I am taking my place beside you in this struggle not to oblige the Indians
but as a matter of duty. The fact, however, is that I have fully discussed
this question with my dean. I gently informed him, that if he did not
approve of my relations with the Indians, he might permit me to retire
and engage another minister instead. But he not only asked me not to trouble
myself about it but even spoke some words of encouragement. Again you
must not imagine, that all Europeans alike entertain hatred against your
people. You can have no idea of the silent sympathy of many with your
tribulations, and you will agree with me that I must know about it situated
as I am.' After this clear explanation, I never referred to the subject
again. And later on when Mr Doke died in the pursuit of his holy calling
in Rhodesia, at a time when the Satyagraha struggle was still in progress,
the Baptists called a meeting in their church, to which they invited the
late Mr Kachhalia and other Indians as well as myself, and which they
asked me to address. About ten days afterwards I had recovered enough
strength to move about fairly well, and I then took my leave of this godly
family. The parting was a great wrench to me no less than to the Dokes"
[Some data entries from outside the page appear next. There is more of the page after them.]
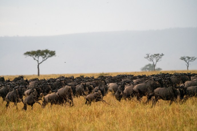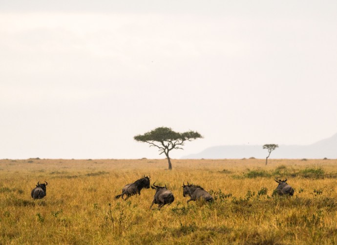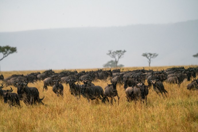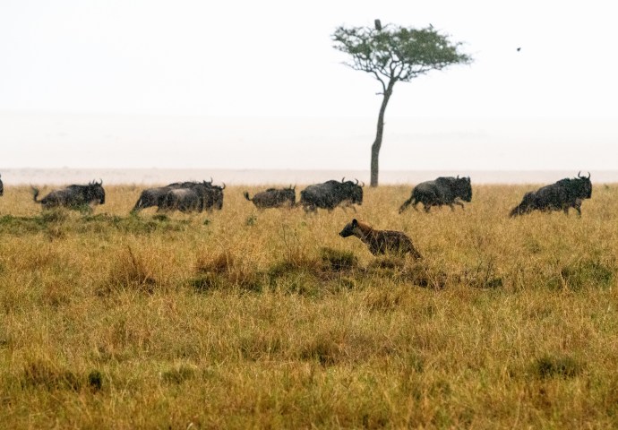 Thousands of gnus were running around like crazy, in all directions, abruptly changing direction, overtaking one another, running even faster – it looked like a mad dance. It was a very wet late afternoon on the savannah in the Mara Triangle, Kenya. A thunderstorm had passed but the air still was electric. And the gnus felt it.
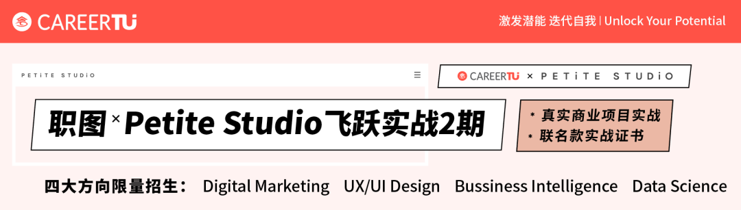 职图×Petite Studio飞跃实战,面向Digital Marketing、UIUX Design和Business Intelligence,Data Science四个求职方向的同学招生!参加计划的学员在6个月的时间内,通过参与真实的商业项目,相互合作共同完成联名款产品网页搭建、营销推广和投放、商业智能分析及数据分析、优化的全过程。
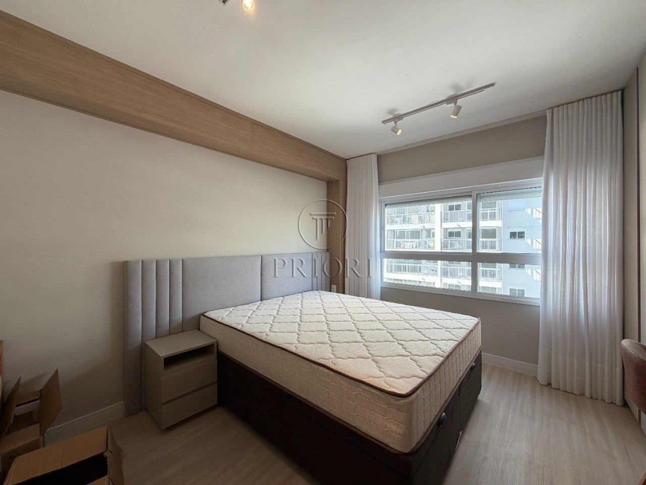 Loft com 26m² de área privativa, totalmente mobiliado, pronto para morar, com ar condicionado e vaga de garagem rotativa.
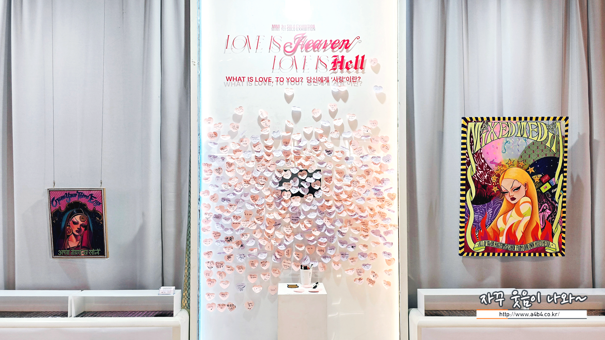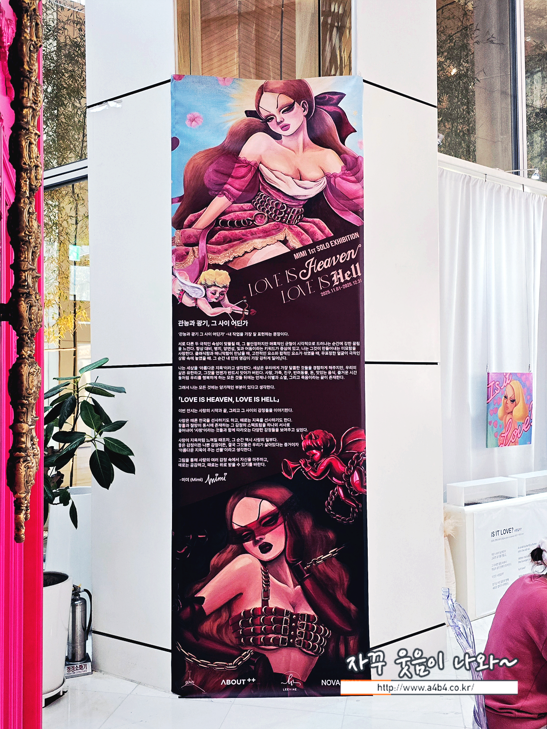 미미 작가, 국내 첫 개인전 'LOVE IS HEAVEN, LOVE IS HELL'이 열리고 있는 어바웃 프로젝트라운지는 카페형 갤러리로 작품 감상에 집중하기에는 다소 무리가 있습니다. 주변 식사하시거나 티타임중이신 분들이 불편하지 않게 이동해야 해서...
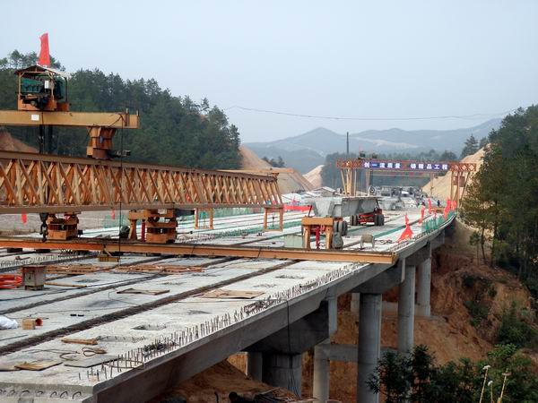 站塘高架橋位于會(huì)昌縣站塘鄉(xiāng),中心樁號(hào)問(wèn)為K1498+450。大橋全長(zhǎng)135米,共5跨,上部結(jié)構(gòu)為連續(xù)預(yù)應(yīng)力箱梁。10月5日,站塘大橋開(kāi)始架設(shè)第一片箱梁,經(jīng)過(guò)一個(gè)多月的努力施工,終于全幅貫通。
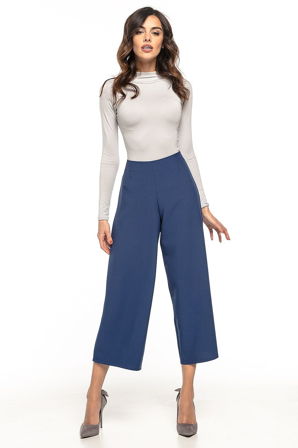 High waisted trousers with a wide leg. For a better shape we sew in darts both in the front and on the back, thanks to which the trousers fit beautifully around the waist. We sew in a decorative zipper on the side. Wide leg is our nod to the 70's, although shortening them to 7/8 length gives a more modern look. Trousers are perfect for both elegant stylizations and more casual ones.
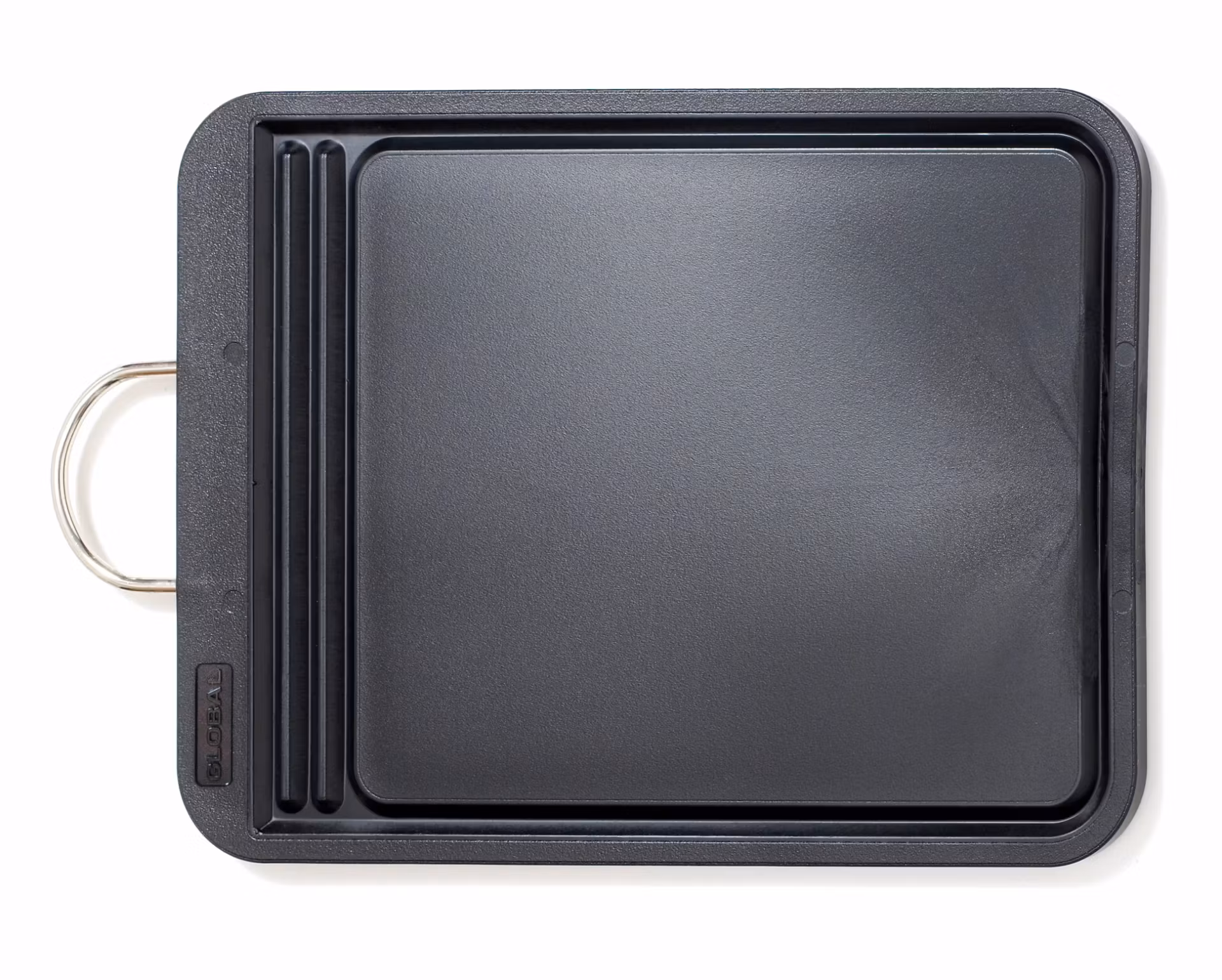 Globals stilrena skärbrädor finns i flera olika modeller. Den här är tillverkad av livsmedelsklassad plast, vilket gör skärbrädan skonsam mot knivens egg och lätt att hålla ren. Skärbrädan drar inte heller åt sig någon lukt. De praktiska handtagen är i rostfritt stål.
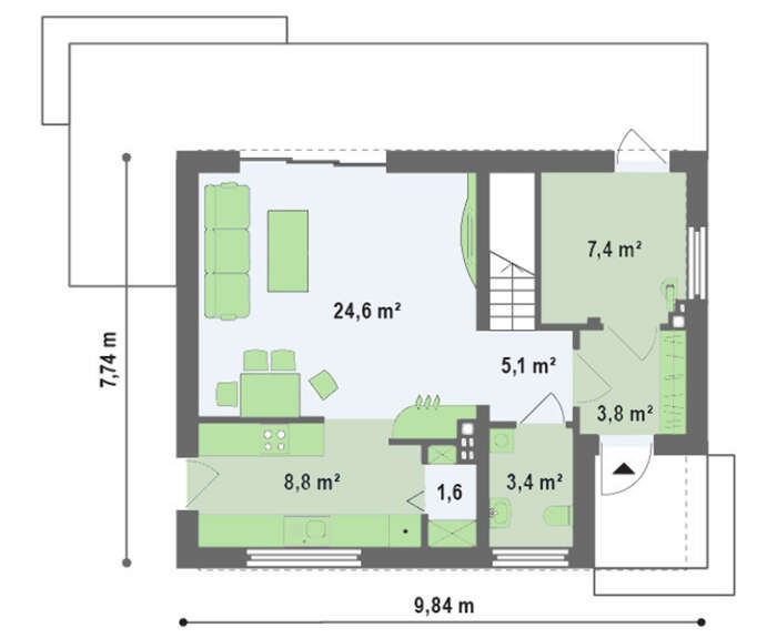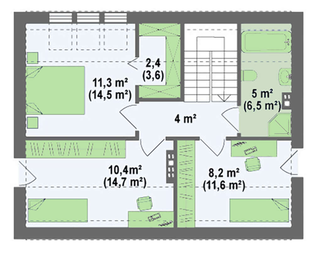Проект содержит три раздела – АрхитектурныйКонструктивный и Инженерный: водоснабжение, отопление, вентиляция, канализация, электроснабжение (приобретается за дополнительную плату) + Пояснительная записка.
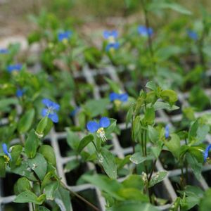 側溝の蓋から飛び出して いっぱい咲いているツユクサ。 何となく可愛く,逞しく・・。 頑張ってますね。🤭
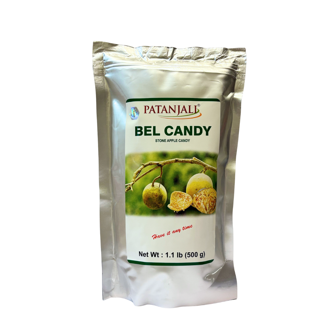 Patanjali Bel Candy is a fruit-based confection prepared using bel (wood apple) and sugar. It has a sweet, tangy flavour and a chewy texture, and is commonly enjoyed as a traditional candy or snack.
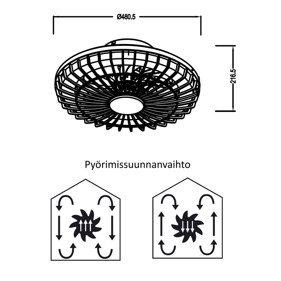 MILANO LED is a stylish and versatile ceiling fan light that combines efficient cooling and adjustable LED lighting into one modern whole. It is ideal for a living room, bedroom or office space where comfort, practicality and design are valued. You can choose from six different fan speeds or schedule the fan to operate for 1, 2, 4 or 8 hours. The lighting part consists of an efficient 25 W LED ring light and a 5 W LED central light, which provide versatile and even lighting. The color temperature is infinitely adjustable between 3000 and 5500 K, allowing you to choose between warm ambient light or bright task light as needed. The light output can also be flexibly adjusted, and the memory function saves the last used settings for the next time you use it. The MILANO LED fan light also features a reversible fan that allows you to adjust the air flow according to the season, as well as a night light function for peaceful lighting. All functions are conveniently controlled with the included remote control. MILANO LED offers the perfect combination of lighting and cooling – easily adjustable to your needs. The diameter of the light is 480 mm and the height is 220 mm. Fixed installation on the ceiling surface.
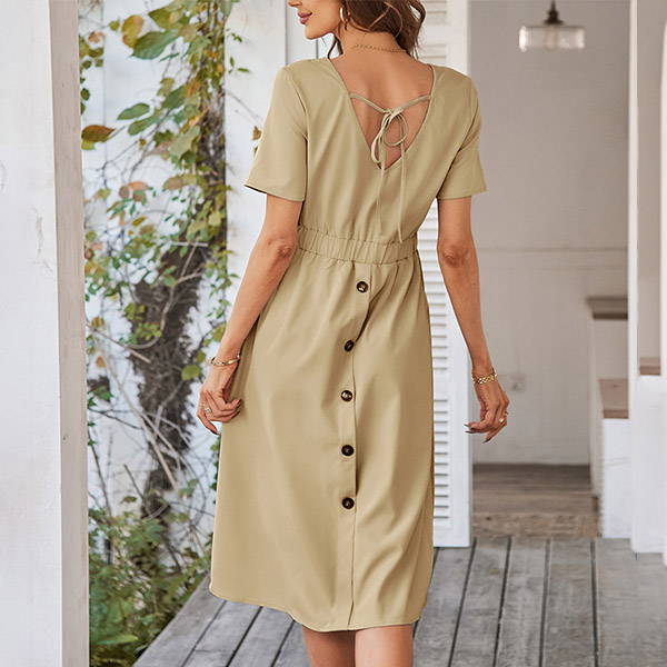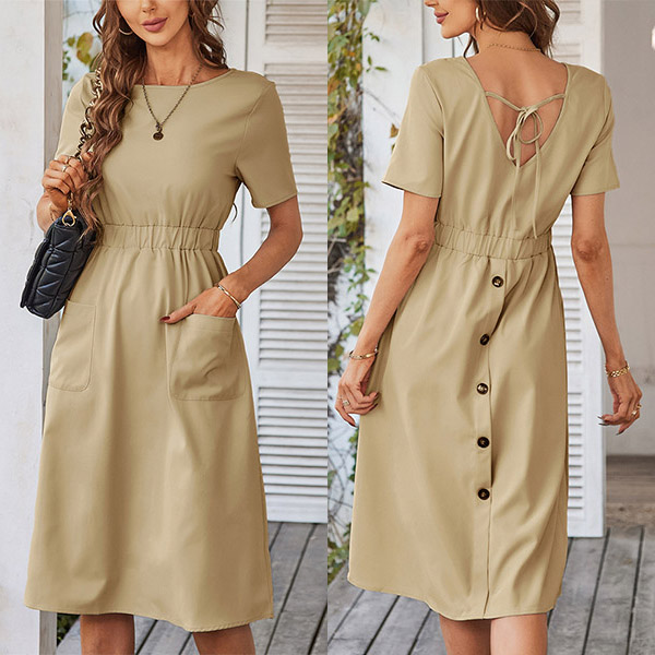 This elegant and stylish dress is perfect for any formal or casual occasion! It features a round neckline with back-tie details, front patch pocket for a casual look and back buttoned details at the skirt. Wanna have a try?

(p.171-173). Written fifteen years after the death of Joseph John Doke,
this is a remarkable tribute to this extraordinary man by Mahatma Gandhi.
In his book M. K. Gandhi: An Indian Patriot in South Africa, Joseph
John Doke makes the following appraisal of Gandhi: "Two wnterprises
will always be associated with Mr. Gandhi's name and work in South Africa.
One is the propaganda, commenced in 1903, among his own people, by means
of a weekly journal called Indian Opinion; the other, that little
Tolstoyan Colony in Phoenix, where Indian Opinion is now published. Both
of them have exerted a great influence on the Indian community. Mr. Gandhi
is a dreamer. He dreams of an Indian community in South Africa, welded
together by common interests and common ideals, educated, moral, worthy
of that ancient civilisation to which it is heiry remaining essentially
Indian, but so acting that South Africa will eventually be proud of its
Eastern citizens, and accord them, as of right, those privileges which
every British subject should enjoy. This is the dream. His ambition is
to make it a reality, or die in the attempt. And this is the motive that
forms the foundation of all his efforts to raise the status of his people,
and to defeat everything that would tend to degrade his brethren or hold
them in a servile condition. But Mr. Gandhi is a practical dreamer. As
his life-work took shape, he realised that his plans could only be materialised
by the creation of some medium of constant intercourse with Indians throughout
the South African Colonies, and after mature thought Indian Opinion
was launched" (p.80). Both Joseph John Doke and Mahandras Karamchand
Gandhi were instrumental in making modern South Africa possible.